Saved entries
⟨

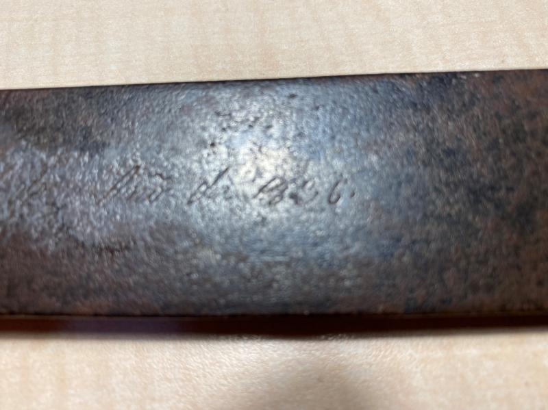Las medidas de la hoja son 60 cm exactos y la empuñadura 13.5 cm, te envío más foto y el año es 1836.
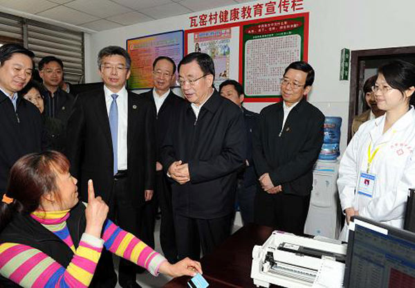 4月16日,贺国强在成都双流县兴隆镇瓦窑村考察新农村建设。4月13日至16日,中共中央政治局常委、中央纪委书记贺国强在四川考察。新华社记者 饶爱民 摄
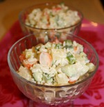 Креветки (предварительно разморозить) отварить 4 минуты в кипящей воде (слегка подсоленной)
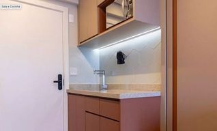 Apartamento com 27m2, 1 suíte, varanda, andar alto, mobiliado e decorado, com cozinha completa, lavadora, banheiro com box, projeto arrojado, super iluminado, vista livre.
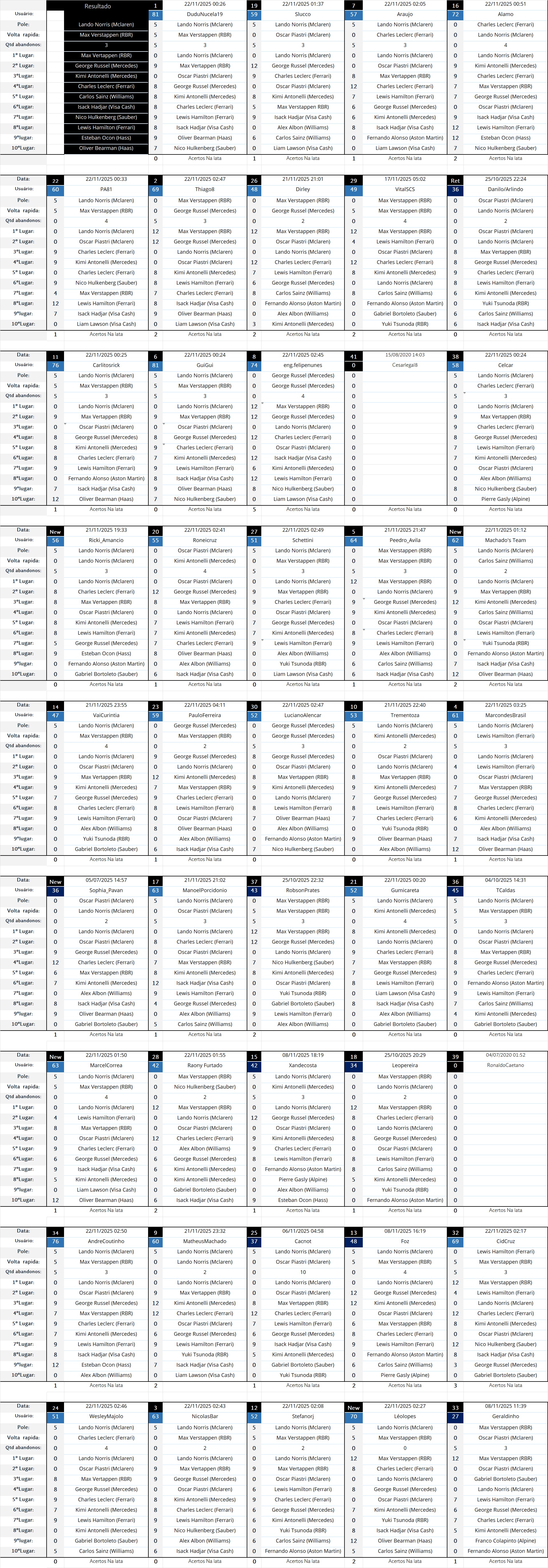 Palpites Abertos GP 21 Brasil até 08/11 11:30

⟩

→ Exercise description:
Please, leaving out all pictures, transcribe exactly the lines above from the one containing "Apartamento com 27m2, 1" through the final line, both included.

→ Exercise response:
 Apartamento com 27m2, 1 suíte, varanda, andar alto, mobiliado e decorado, com cozinha completa, lavadora, banheiro com box, projeto arrojado, super iluminado, vista livre.
 Palpites Abertos GP 21 Brasil até 08/11 11:30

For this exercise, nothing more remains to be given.